The derivative of a recurrence relation of functions

Question

I am unsure of how to take the derivative of a recurrence relation of functions. For example consider the following recurrence relation: \begin{equation} \left\{ \begin{array}{cl} f_n(x) &= a_n\cdot f_{n-1}^2(x) \\ f_0(x) &= x \end{array} \right. \end{equation} with $0 \leq n\leq L \in \mathbb{N}$ such that $F = f_L$. How do I notate, and thereby compute, the partial derivative of the relation with respect to some $a_m$; that is, $$\frac{\partial F}{\partial a_m} =\;?$$

Does this result in a recursive definition of partial derivatives (i.e. $D_{a_m} f_n = c_n(x) D_{a_m}f_{n-1}$ where $D_x g$ is the partial derivative of $g$ with respect to $x$)?

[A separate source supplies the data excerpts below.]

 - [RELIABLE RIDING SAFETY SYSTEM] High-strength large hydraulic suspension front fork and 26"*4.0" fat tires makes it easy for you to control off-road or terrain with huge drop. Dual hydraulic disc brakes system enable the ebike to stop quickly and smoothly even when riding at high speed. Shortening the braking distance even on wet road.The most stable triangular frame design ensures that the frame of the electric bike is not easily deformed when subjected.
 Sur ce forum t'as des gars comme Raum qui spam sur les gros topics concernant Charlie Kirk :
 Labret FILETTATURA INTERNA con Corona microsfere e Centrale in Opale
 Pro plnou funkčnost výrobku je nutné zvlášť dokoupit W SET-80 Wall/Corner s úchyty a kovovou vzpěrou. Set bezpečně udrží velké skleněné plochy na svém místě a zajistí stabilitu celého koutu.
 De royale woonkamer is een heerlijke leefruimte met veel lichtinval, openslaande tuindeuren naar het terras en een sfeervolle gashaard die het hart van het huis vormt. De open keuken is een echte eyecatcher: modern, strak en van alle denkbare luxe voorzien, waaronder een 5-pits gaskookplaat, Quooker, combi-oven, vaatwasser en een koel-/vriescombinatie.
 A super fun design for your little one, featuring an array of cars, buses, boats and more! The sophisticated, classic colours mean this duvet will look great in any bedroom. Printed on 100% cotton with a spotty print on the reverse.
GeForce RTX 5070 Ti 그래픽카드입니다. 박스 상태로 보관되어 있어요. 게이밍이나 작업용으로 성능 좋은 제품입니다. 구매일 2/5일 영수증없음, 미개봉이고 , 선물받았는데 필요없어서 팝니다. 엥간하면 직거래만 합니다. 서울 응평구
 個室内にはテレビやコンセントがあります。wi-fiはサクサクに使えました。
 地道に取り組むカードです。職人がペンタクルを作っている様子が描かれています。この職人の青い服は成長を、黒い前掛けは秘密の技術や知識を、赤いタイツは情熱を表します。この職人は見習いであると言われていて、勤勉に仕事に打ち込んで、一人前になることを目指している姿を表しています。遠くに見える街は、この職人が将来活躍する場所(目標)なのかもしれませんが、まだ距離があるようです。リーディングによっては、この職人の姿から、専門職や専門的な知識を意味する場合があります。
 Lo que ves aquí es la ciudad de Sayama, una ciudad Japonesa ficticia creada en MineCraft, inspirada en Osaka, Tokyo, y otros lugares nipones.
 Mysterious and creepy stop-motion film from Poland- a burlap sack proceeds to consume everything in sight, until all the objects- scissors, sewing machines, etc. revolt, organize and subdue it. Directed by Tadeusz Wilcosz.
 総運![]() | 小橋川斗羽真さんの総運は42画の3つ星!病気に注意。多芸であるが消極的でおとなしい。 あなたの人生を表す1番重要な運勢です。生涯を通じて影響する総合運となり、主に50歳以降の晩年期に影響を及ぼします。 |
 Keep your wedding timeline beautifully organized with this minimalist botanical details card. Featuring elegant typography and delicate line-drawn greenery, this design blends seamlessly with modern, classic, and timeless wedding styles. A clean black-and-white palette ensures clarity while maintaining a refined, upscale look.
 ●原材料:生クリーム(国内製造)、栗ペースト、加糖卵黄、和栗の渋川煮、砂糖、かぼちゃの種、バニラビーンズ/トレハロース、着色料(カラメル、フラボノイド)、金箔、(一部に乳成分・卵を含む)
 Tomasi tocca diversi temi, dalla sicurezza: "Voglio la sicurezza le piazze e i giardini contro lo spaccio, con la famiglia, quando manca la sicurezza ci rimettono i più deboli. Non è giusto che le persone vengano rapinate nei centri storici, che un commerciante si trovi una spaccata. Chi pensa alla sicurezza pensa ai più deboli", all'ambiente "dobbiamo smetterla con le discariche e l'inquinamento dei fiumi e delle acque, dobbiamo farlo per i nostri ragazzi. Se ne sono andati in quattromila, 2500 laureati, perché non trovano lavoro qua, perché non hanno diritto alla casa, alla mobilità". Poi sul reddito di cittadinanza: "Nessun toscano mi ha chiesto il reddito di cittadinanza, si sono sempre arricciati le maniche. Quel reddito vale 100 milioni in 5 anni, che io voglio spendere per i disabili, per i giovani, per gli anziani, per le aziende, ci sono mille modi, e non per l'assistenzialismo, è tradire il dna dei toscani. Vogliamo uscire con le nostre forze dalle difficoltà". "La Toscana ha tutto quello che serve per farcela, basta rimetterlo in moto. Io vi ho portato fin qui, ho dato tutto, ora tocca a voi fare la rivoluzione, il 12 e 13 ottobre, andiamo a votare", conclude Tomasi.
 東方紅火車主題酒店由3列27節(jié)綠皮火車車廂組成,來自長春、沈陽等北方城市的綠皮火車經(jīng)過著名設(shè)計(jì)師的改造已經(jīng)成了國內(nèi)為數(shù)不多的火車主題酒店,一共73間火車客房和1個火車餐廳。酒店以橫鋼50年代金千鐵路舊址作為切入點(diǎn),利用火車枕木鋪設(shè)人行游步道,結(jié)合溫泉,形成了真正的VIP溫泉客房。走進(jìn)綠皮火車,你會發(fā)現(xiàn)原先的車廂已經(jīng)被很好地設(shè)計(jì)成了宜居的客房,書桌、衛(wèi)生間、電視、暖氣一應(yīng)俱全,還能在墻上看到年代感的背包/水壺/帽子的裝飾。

If so, can I solve this recurrence relation to a closed form of $m$ using the methods of homogeneous recurrence relations?

Lastly, can I construct a recurrence relation for $D_{a_m} F$ which acts in the reverse direction; that is, can I define a sequence such that $D_{a_m} F$ is defined by $D_{a_{m+1}}$, which is defined by $D_{a_{m+2}}, \dots,$ which is defined by $D_{a_{L}}$?

Thanks

Answer 1

Well, in case you have a general recurrence relation of the form $$f_n(x)=h_n(f_{n-1}(x))$$ you can write the partial derivatives as $$\partial_{a_m}f_n(x)=h_{n}'(f_{n-1}(x))\partial_{a_m}f_{n-1}(x)$$ I do not know if this can help but for sufficiently amicable form of $h_n(x)$ we might just be able to compute $h_n'(\cdot)$ to get a solvable recurrence relation for the partial derivatives of $f_n(x)$.

Answer 2

$$\log f_n (x) = \log a_n + 2 \log f_{n-1} (x) $$ Let us denote $\log f_n(x)$ by $g_n(x)$, and also $\log a_n$ by $b_n$, for brevity. We have $$ g_n(x)=b_n + 2 g_{n-1}(x) $$ This is readily solved: $$ g_n(x)= 2^n g_0(x) + \sum_{k=1}^{n } 2^{n-k} b_k $$ OR, equivalently, $$ g_n(x)= 2^n \log x + \sum_{k=1}^{n } 2^{n-k} b_k $$

This can be utilized to calculate the derivative $$ \frac{\partial g_n(x)}{\partial b_m}= 2^{n-m} \\ \Longrightarrow \frac{1}{f_n(x)}\frac{\partial f_n(x)}{\partial b_m}= 2^{n-m} \\ \Longrightarrow \frac{a_m}{f_n(x)}\frac{\partial f_n(x)}{\partial a_m}= 2^{n-m} \\ \Longrightarrow \frac{\partial f_n(x)}{\partial a_m}=f_n(x) \frac{2^{n-m}}{a_m} $$ For $n=L$, we arrive at the following closed-form solution $$ f_L(x)= x^{2^L} \prod_{k=1}^L a_k^{2^{L-k}} \\ \Longrightarrow \frac{\partial f_L(x)}{\partial a_m}= \left(x^{2^L} \prod_{k=1}^L a_k^{2^{L-k}} \right)\times \frac{2^{L-m}}{a_m} $$